This week, California-based Wright Electric announced its plans to begin flying a 100-passenger all-electric airplane on routes of 1 hour or less by 2027. How does it expect to do that? By converting BAe 146 regional aircraft — originally manufactured by BAE Systems in 1983 — to electric power starting in 2026.
The BAe 146 was chosen for several reasons. First, it is equipped with 4 jet engines, which can be replaced with 4 of Wright Electric’s 2 MW electric aircraft engines. The plan is to replace one jet engine with an electric motor in 2023, replace 2 jet engines with electric motors in 2024, and replace all 4 jet engines with electric motors in 2025, before beginning passenger service in 2026. Second, the BAe 146 is known for its steep climb capabilities and relatively quiet operation, making it the ideal airplane for use in airports located near city centers where noise issues are a concern.
Wright Electric plans to build a fleet of the converted planes, which will have a range of about one hour or 460 miles (740km). The revamped model — called the Spirit — will be a stepping-stone toward a previously planned clean sheet aircraft intended to take to the skies in 2030.
Does 460 miles sound too short to you? Check out this map showing all the routes the converted BAe 146 could service in Europe. It’s enough range to go from Sydney to Melbourne, from Tokyo to Osaka, or from San Francisco to Los Angeles.
“Customers are demanding cleaner options and we want to show there is an alternative,” says Jeffrey Engler, CEO of Wright Electric. “A retrofit airplane is always going to suffer from disadvantages but at the same time it’s a certified aircraft.”

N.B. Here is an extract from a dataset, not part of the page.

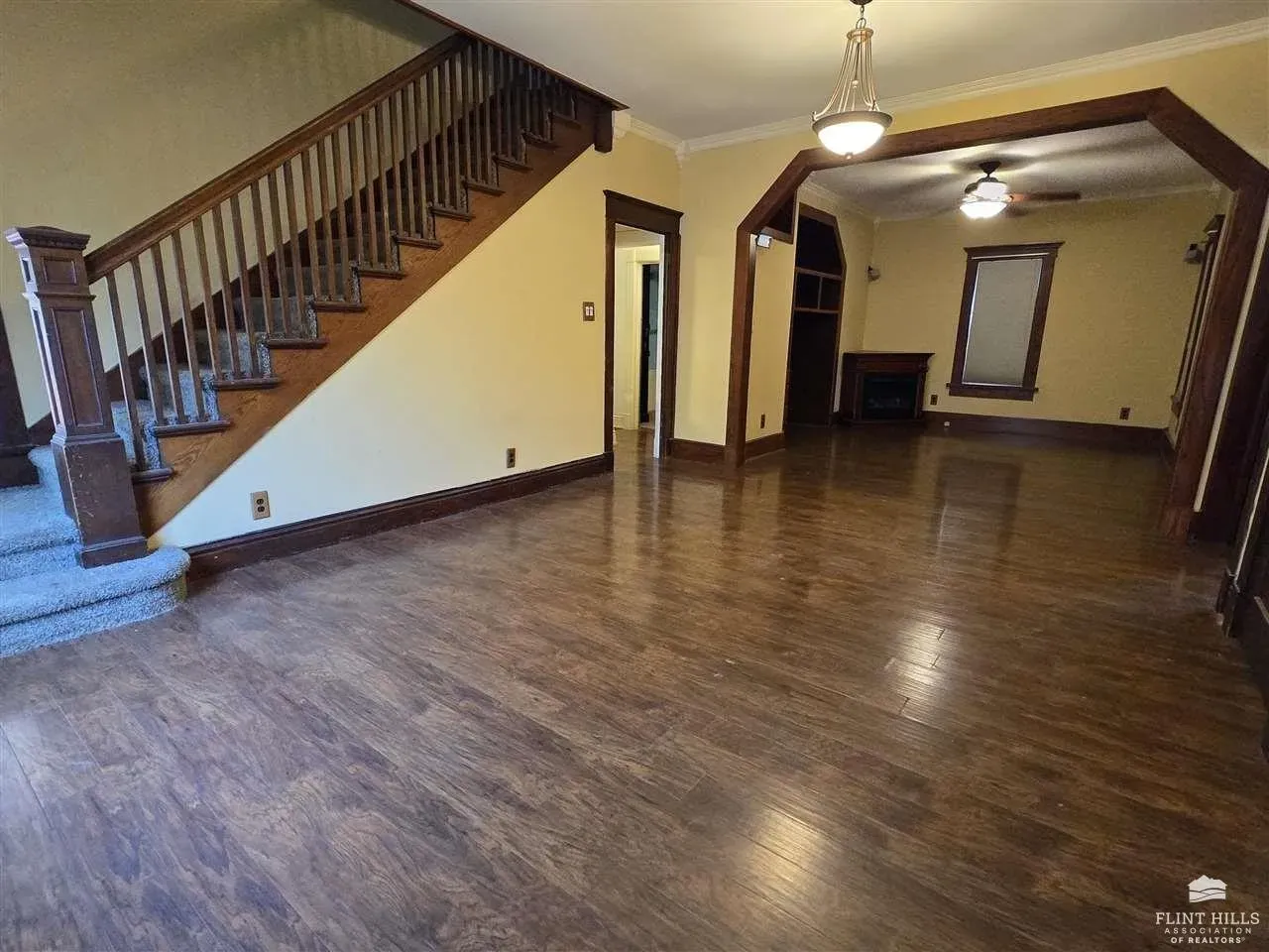• Historic touches including original woodwork and pocket door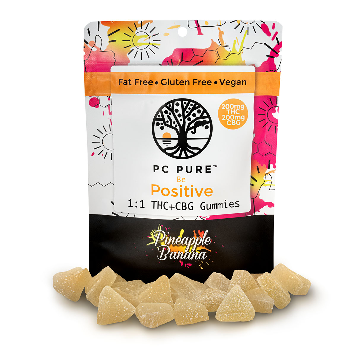PC PURE | Pineapple Banana THC:CBG Gummies | 200mg/10pc

The certification process for an all new airplane can take years to obtain. Wright is working on its own clean sheet new aircraft, which will carry 186 passengers and have a range of 800 miles (1288 km), while learning how to make electric flight possible using the converted BAe 146 airplanes.
The Boring Details
That’s it for the exciting stuff. The world is on the cusp of electric air travel and Wright Electric is one of the companies leading the way. But where will the power come from to power those megawatt-scale motors? That’s where things get interesting. Wright Electric has a white paper that examines that question in detail and it makes fascinating reading. We will attempt to abstract some of that information but if you really want to dig down into the details of how it will be done, check out the white paper for yourself. It’s interesting stuff.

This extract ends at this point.